In the entries below, repeat only the lines between those holding "2.1.2版本更新汇总,神相碎梦加强,新内功、新独珍、新橙戒" and "В Индонезии контрабандисты", inclusive. Leave pictures out.

----------

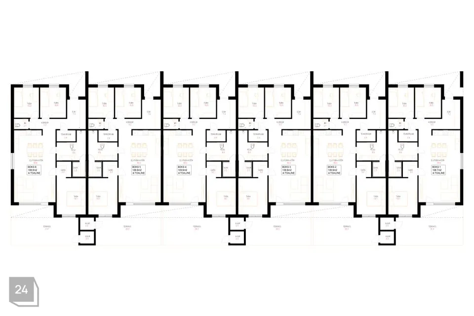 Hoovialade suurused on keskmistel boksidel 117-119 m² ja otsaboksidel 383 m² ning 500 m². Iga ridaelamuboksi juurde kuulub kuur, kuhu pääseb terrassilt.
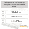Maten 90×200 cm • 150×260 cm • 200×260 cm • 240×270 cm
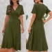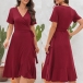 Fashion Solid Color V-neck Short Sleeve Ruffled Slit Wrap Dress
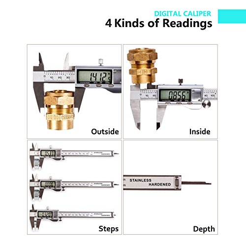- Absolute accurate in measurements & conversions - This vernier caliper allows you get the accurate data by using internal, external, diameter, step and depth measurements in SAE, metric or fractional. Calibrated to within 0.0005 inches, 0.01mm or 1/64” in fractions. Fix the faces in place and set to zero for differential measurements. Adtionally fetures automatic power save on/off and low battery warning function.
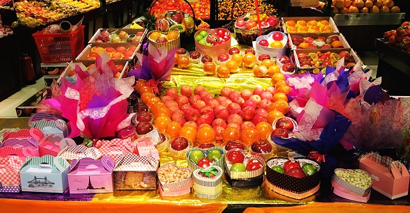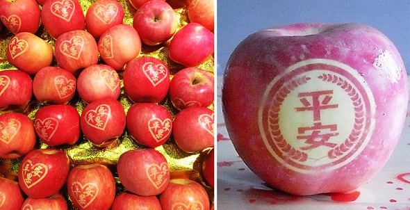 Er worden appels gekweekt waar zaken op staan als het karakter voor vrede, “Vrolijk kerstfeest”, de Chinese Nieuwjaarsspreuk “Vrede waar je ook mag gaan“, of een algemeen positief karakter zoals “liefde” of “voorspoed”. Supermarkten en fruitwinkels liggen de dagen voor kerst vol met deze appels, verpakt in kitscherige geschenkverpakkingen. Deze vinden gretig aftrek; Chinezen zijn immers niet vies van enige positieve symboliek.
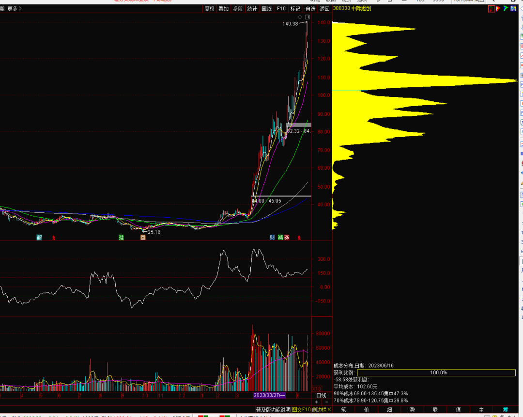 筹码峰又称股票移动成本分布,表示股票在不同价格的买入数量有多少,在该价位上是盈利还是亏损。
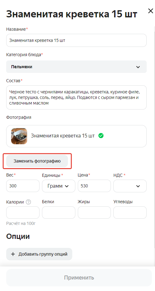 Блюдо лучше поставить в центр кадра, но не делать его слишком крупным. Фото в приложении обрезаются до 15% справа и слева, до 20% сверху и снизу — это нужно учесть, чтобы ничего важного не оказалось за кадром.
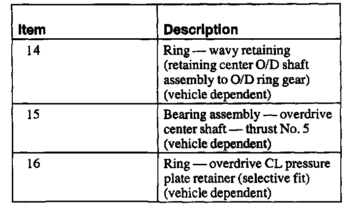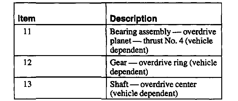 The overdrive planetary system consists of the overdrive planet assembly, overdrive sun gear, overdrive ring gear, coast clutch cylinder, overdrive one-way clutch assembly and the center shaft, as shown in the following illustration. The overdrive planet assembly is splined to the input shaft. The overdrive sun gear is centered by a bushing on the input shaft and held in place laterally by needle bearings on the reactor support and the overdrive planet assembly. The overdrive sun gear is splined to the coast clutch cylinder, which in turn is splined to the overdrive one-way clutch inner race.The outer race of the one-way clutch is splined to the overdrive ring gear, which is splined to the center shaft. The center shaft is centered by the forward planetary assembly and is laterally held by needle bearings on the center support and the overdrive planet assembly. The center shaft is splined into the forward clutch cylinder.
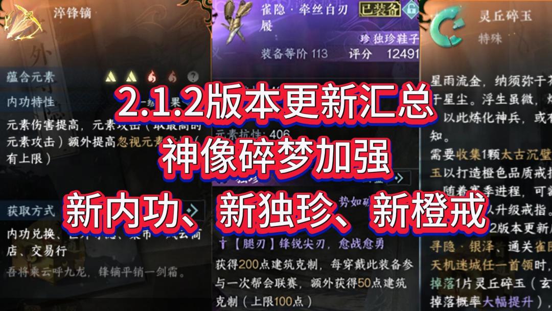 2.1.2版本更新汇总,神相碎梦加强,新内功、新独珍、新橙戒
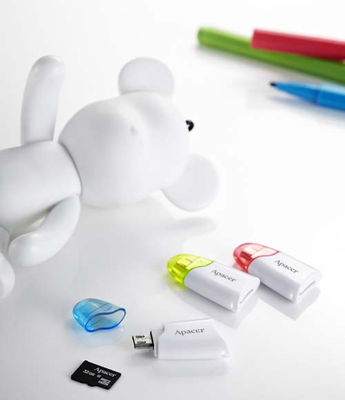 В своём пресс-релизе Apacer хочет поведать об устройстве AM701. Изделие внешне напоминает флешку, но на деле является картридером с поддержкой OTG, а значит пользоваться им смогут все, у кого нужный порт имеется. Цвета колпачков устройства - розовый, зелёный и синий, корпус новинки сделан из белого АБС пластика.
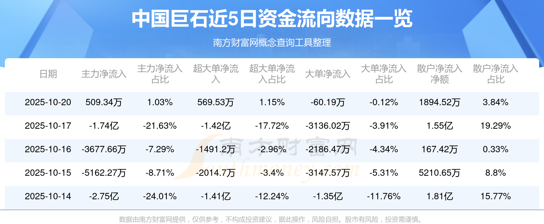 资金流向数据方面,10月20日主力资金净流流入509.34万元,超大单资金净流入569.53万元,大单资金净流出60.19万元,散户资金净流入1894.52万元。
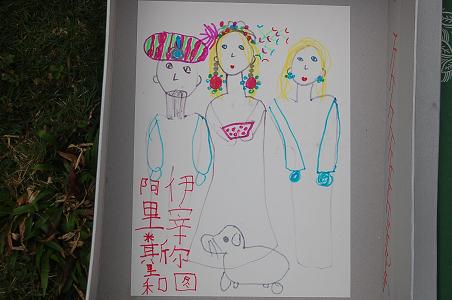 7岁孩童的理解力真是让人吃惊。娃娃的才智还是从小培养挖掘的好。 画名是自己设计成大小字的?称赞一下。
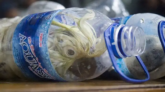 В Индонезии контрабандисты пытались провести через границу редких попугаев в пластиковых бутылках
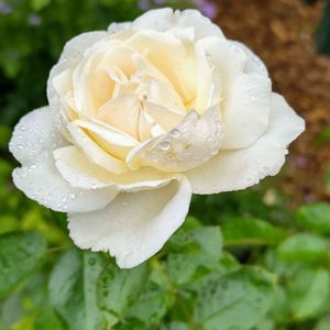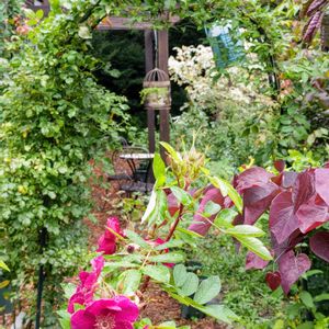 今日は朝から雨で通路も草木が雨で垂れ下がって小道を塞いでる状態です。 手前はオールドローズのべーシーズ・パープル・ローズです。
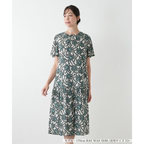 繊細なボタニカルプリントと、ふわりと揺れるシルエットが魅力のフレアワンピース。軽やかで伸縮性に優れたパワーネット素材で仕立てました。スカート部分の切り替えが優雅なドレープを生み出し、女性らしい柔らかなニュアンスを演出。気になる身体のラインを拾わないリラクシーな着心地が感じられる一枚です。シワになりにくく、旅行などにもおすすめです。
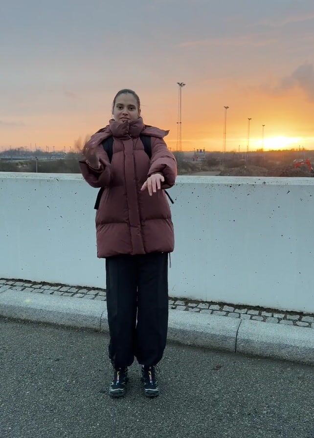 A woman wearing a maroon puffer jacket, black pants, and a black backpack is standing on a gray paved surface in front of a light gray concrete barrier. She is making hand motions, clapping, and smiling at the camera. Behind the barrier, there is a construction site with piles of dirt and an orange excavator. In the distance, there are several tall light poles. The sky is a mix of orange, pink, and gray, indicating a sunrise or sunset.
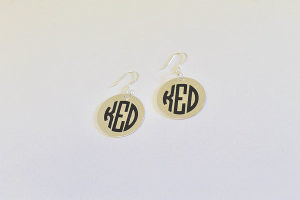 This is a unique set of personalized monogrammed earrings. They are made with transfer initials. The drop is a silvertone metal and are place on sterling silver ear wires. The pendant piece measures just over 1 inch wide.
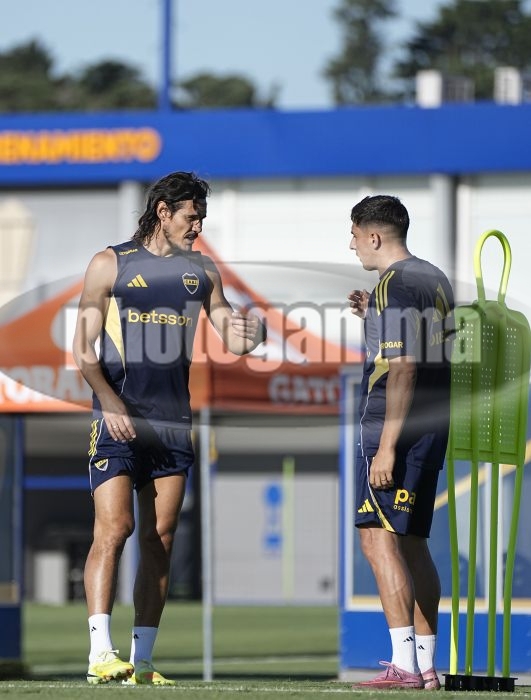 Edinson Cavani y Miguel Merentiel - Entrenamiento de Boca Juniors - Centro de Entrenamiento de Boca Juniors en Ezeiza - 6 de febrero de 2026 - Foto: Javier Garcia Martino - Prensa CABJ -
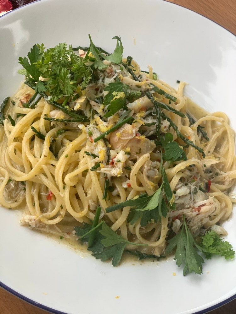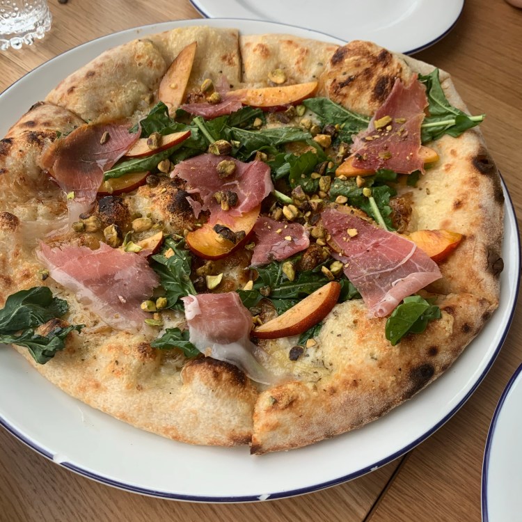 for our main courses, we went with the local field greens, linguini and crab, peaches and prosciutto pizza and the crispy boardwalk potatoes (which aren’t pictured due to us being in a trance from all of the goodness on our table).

----------

> **Result of the exercise**:
 2.1.2版本更新汇总,神相碎梦加强,新内功、新独珍、新橙戒
 В своём пресс-релизе Apacer хочет поведать об устройстве AM701. Изделие внешне напоминает флешку, но на деле является картридером с поддержкой OTG, а значит пользоваться им смогут все, у кого нужный порт имеется. Цвета колпачков устройства - розовый, зелёный и синий, корпус новинки сделан из белого АБС пластика.
 资金流向数据方面,10月20日主力资金净流流入509.34万元,超大单资金净流入569.53万元,大单资金净流出60.19万元,散户资金净流入1894.52万元。
 7岁孩童的理解力真是让人吃惊。娃娃的才智还是从小培养挖掘的好。 画名是自己设计成大小字的?称赞一下。
 В Индонезии контрабандисты пытались провести через границу редких попугаев в пластиковых бутылках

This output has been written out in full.